If that's not satisfactory, the next thing is to observe that actually you do not seem to need all the permutations, but you want to rewrite your expressions in order to simplify them. That can be made much more efficient than producing all the permutations!

However, to repeat :), if you ONLY have commutativity and associativity, process the terms in a set.

Answer 6

I've discovered a solution to the underlying problem of reducing trees:

1. Find a pair of leaves A and -A from the tree.
2. a) If A and -A are in the same child, recurse.
3. b) 'Bubble' A and -A to the top of their respective childs. There are eight possible resulting cases, but they all look something like this (+ (x A) (-A y)). Going from that to (+ (+ x y) (+ A -A)) is easy.
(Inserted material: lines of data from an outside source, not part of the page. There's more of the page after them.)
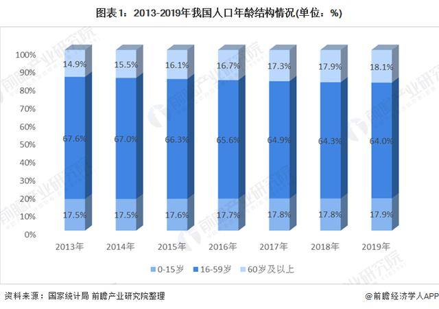 从我国人口年龄结构方面来看,2013-2019年,我国0-15岁占总人口的比重呈上升的态势。截止到2019年末,我国0-15岁、16-60岁的人群占总人口的比重分别为17.9%、64.0%。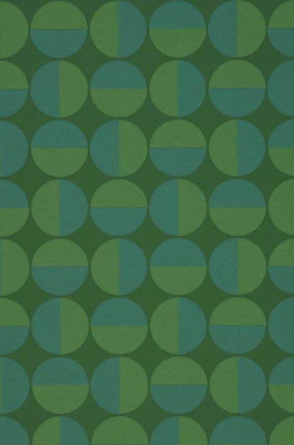 Das reizvolle Zusammenspiel von grünen und blaugrünen Halbkreisen auf laubgrünem Grund erzeugt eine ruhige Grundstimmung, während die unterschiedliche Anordnung der Farbflächen für Abwechslung sorgt. Das geometrische Muster mit Retro-Touch ist in jedem Raum Ihrer Wahl ein echter Hingucker. Mit formschönen Möbeln der 70er Jahre in Holztönen oder einer der Musterfarben schaffen Sie ein unverwechselbares, in sich stimmiges Ambiente.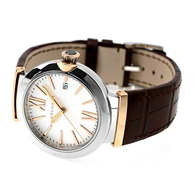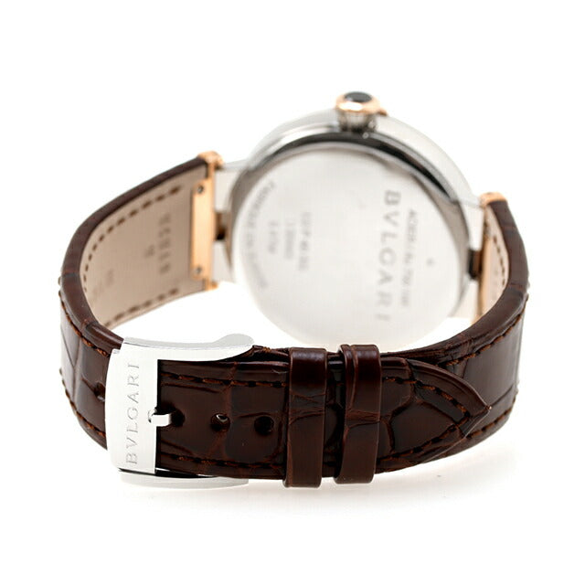 3年保証キャンペーン ブルガリ ルチェア スイス製 自動巻き メンズ 腕時計 LU40C6SSPGLD BVLGARI LVCEA アナログ シルバー ブラウン ◆世界中から愛される代表的なブランド「BVLGARI(ブルガリ)」。1884年、ソティリオ・ブルガリが、ローマにジュエリー店を開いたのが始まりです。1970年代には世界へ大きく進出し、大胆かつ革新的なスタイルは多くの人々の心を掴みました。 12・6時のローマ数字&足の長いバーインデックスを備えた横縞ギョーシェ模様ダイヤルにもクラシックな気品を香らせてオンオフ活躍します。中でもピンクゴールドの指針とインデックスをスッキリ備えたシルバーダイヤルも魅力。漆黒セラミックが中央に配された18Kリューズやブラウンアリゲーターベルトにも高級感をまとわせてエレガントな手元をつくります。T-シャツなどのカジュアルスタイルからジャケットやスーツにもあわせていただけます。 機械式腕時計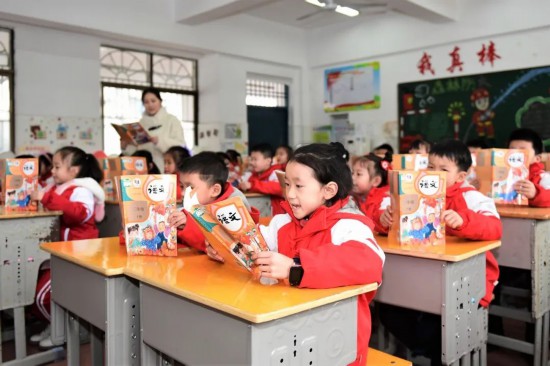 2023年2月7日,湖南省郴州市第十二完全小学,老师领读新学期第一课。通讯员 曹高林 摄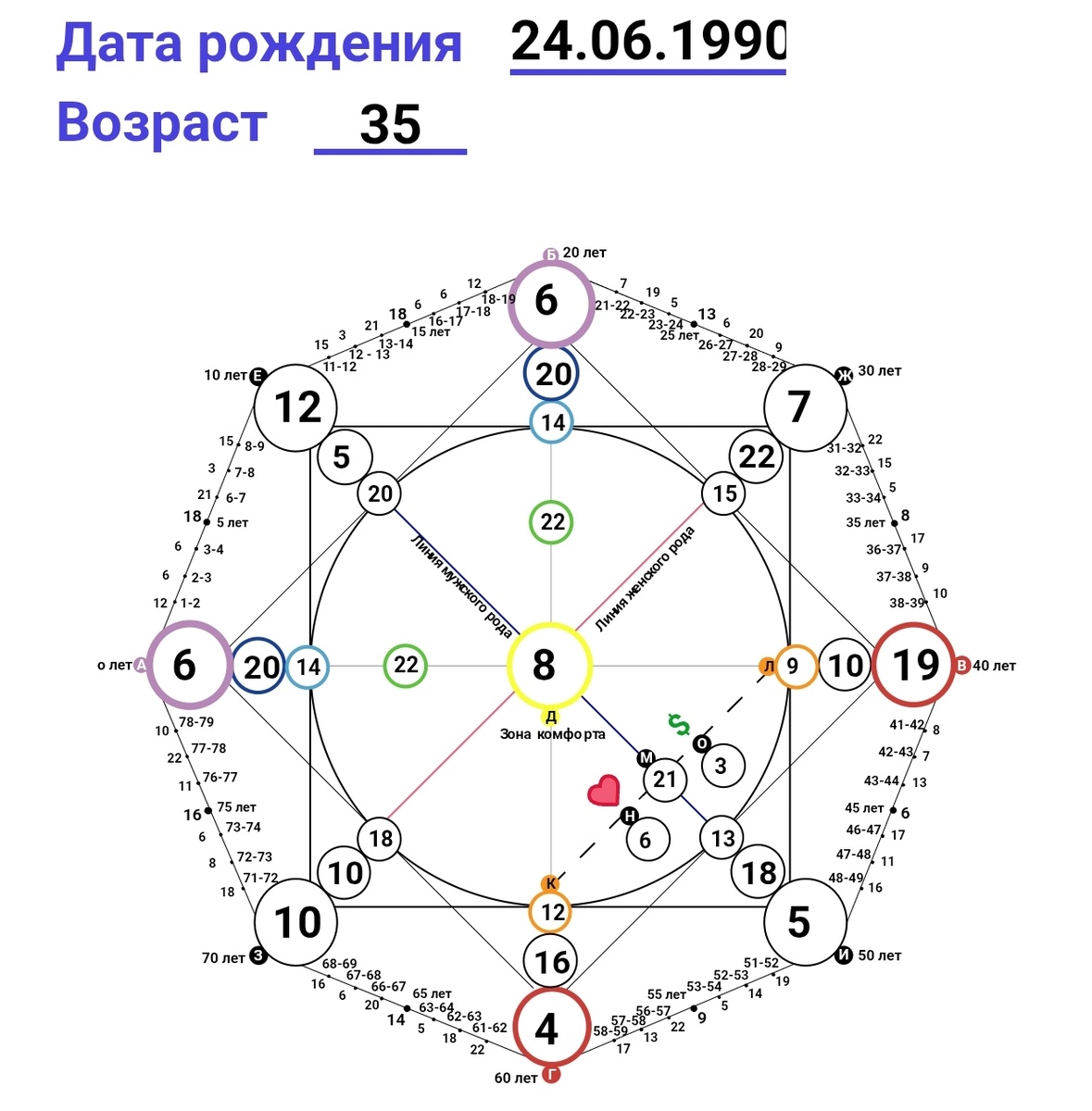 И тут ещё видим также задвоенную программу 14-20-6. И здесь все более, чем хорошо. Эта программа даёт обладателю успешный успех. Здесь яркое проявление творчества и удача во всём. Вот именно музыкальное творчество прям показано. Человеку всегда везёт, он умеет просить и получает от жизни лучшее. Просто любимчик Фортуны.

As suggested, another way to do it would be to first convert the tree into a list: (+ A (+ B (+ ...)) X), then find a matching pair A and -A and bring them to top. I suspect that this may produce a longer proof (which is undesirable) than the above algorithm, though I haven't tried it.

Still, I find the original question fascinating and I'd like to try how an algorithm based on that would compare to the above.